The Stone Gods
- First edition
- Author: Jeanette Winterson
- Publisher: Hamish Hamilton
- Publication date: 2007
- Pages: 224
- ISBN: 0-241-14395-0

= The Stone Gods (novel) =

2007 novel by Jeanette Winterson

The Stone Gods is a novel written by Jeanette Winterson. Published in the year 2007, the novel is a post-apocalyptic, postmodern, dystopian love story, with themes of corporate government control, the harshness of war, artificial intelligence, and technology. The novel is self-referential as characters make inter-textual references, while certain characters’ story arcs repeat.

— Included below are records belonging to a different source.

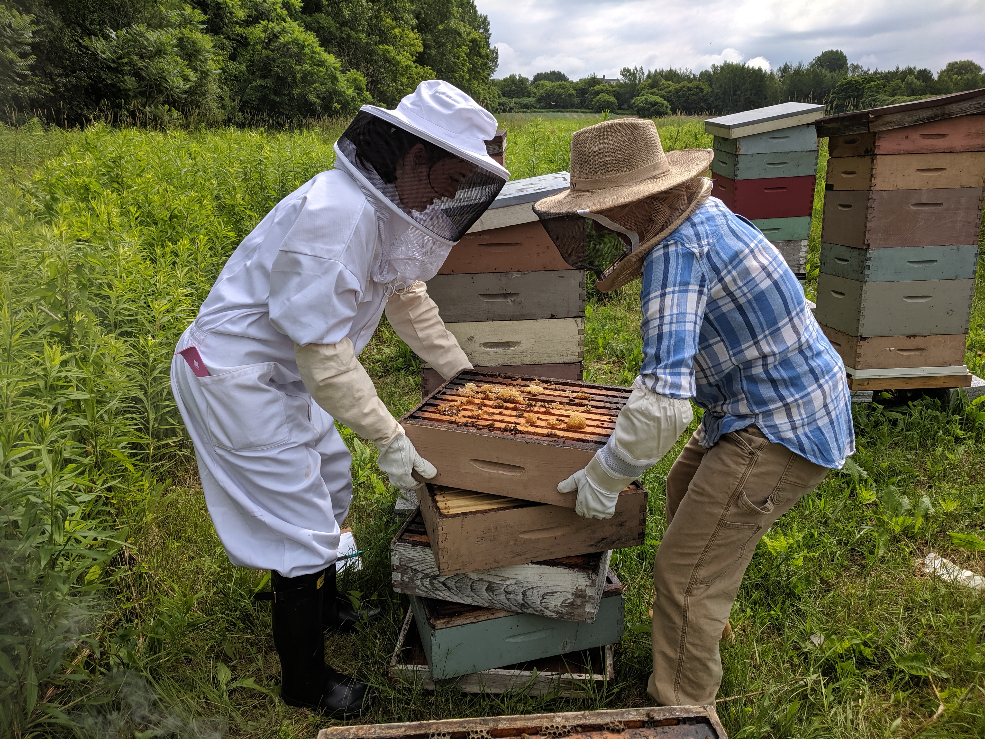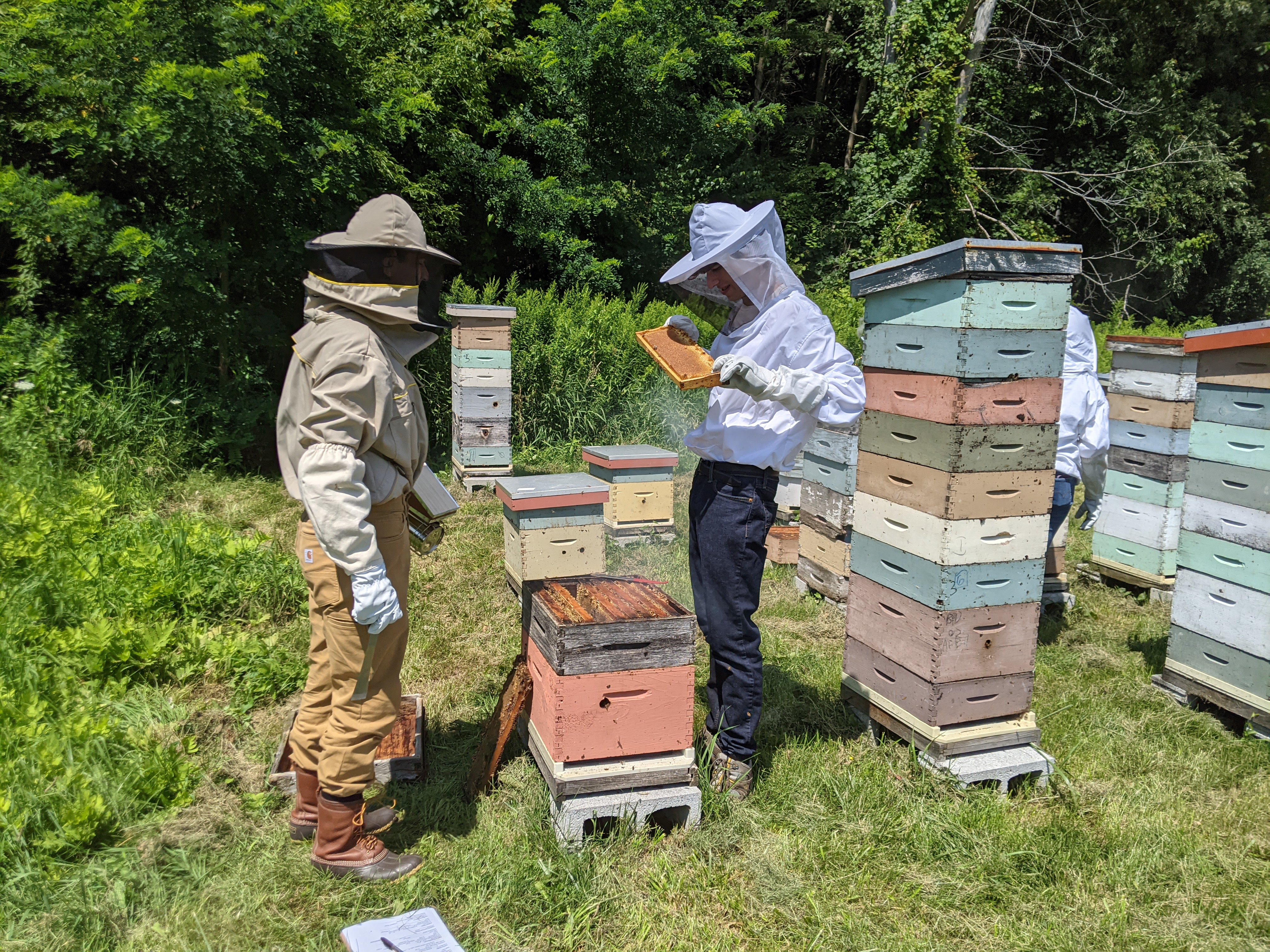 Course Description: This introductory beekeeping course offers a combination of classroom lectures and hands-on field experience. Topics include bee biology and natural history, choosing and purchasing equipment and bees, integrated pest management, seasonal colony management, and queen grafting. Class will be held at the UVM horticultural farm where students will interact with the farm's research and education apiary consisting of over 30 hives. There will also be opportunities for field trips with beekeepers in our community. Attendance is mandatory for every class as each class serves as the foundation for the next. Will you get stung? Protective clothing and proper handling techniques greatly reduce the risk of bee stings. However, some bee stings are inevitable. If you have an allergy to bee venom, you should not take the in-person version of this course. Check out the online version of the course: "Introduction to Beekeeping''.
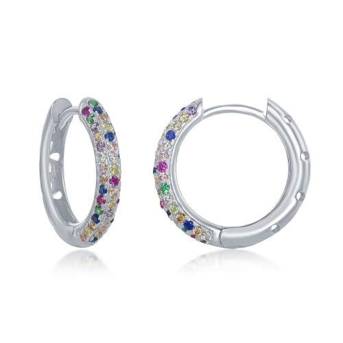 Sterling Silver Half Center Channel Set Rainbow CZ Hoop Earrings
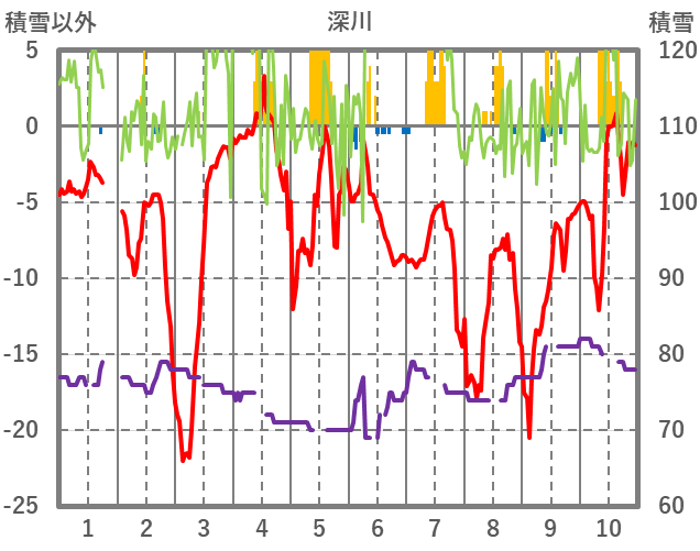 | 日 | 時 | 気温 | 降水 | 風向/風速 | 日照 | 積雪 | 降雪 |
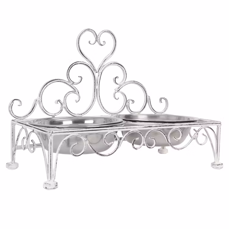 Två foderskålar på vit metallställning i Shabby Chic stil. Vitmålat järn med fin svart patina.
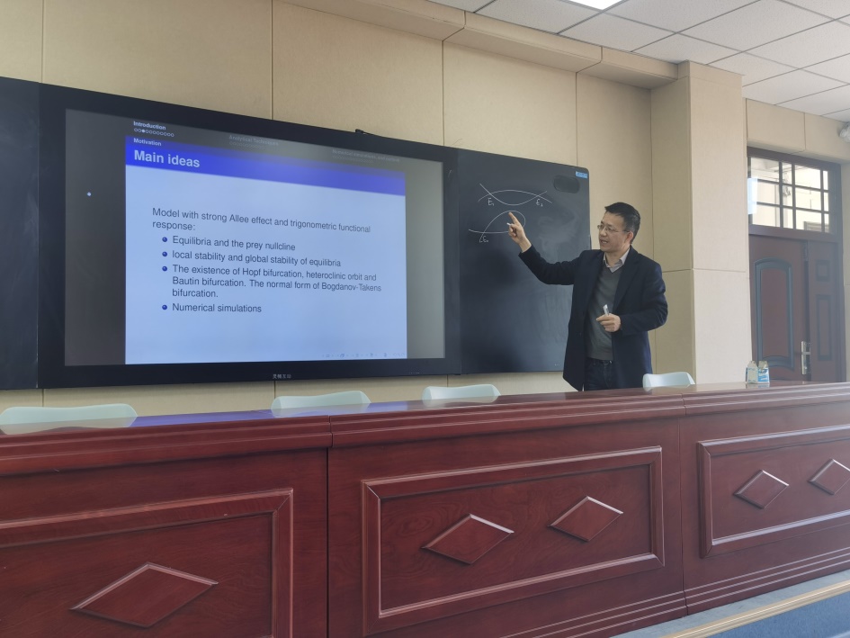 徐教授的报告首先讲述了引入强Allee效应的动机,其次分析了该模型的平衡点,并研究了平衡点的局部稳定性和全局稳定性。进而,根据被捕食者的承载能力的变化来确定可能的分支,给出确定的Hopf分支临界性的解析表达式,并证明了由此产生的Hopf分支是超临界或亚临界的。同时还证明了异宿轨道和Bautin分支的存在性,给出Bogdanov-Takens的正规形式。最后,通过数值模拟与不具有强Allee效应的模型从三个方面进行了对比。

The novel aims to warn against history's tendency to repeat itself, as well as humanity's inability to learn from past mistakes.

==A novel in four parts==
- "Planet Blue" – Set in a futuristic past where humanity's destruction of its homeworld, Orbus, seems to be inevitable, they discover and terraform another viable planet.
- "Easter Island" – Set in the 18th century, when Easter Island's inhabitants destroyed many of the moai statues, and the last tree, on their island.
- "Post-3War" – Set in "Tech City" after World War III, with Billie educating Spike, a Robo sapiens.
- "Wreck City" – Once again set in the "Tech City", now a derelict, trash-ridden city where those abandoned by the corporate-controlled society struggle to survive.

== Reception ==
Ursula Le Guin, while criticizing exposition and sentimentality, thought the novel a worthwhile and cautionary tale. Andrew Milner, a literary critic and author of Science Fiction and Climate Change, notes that this book is an early example of 'doomer' climate fiction.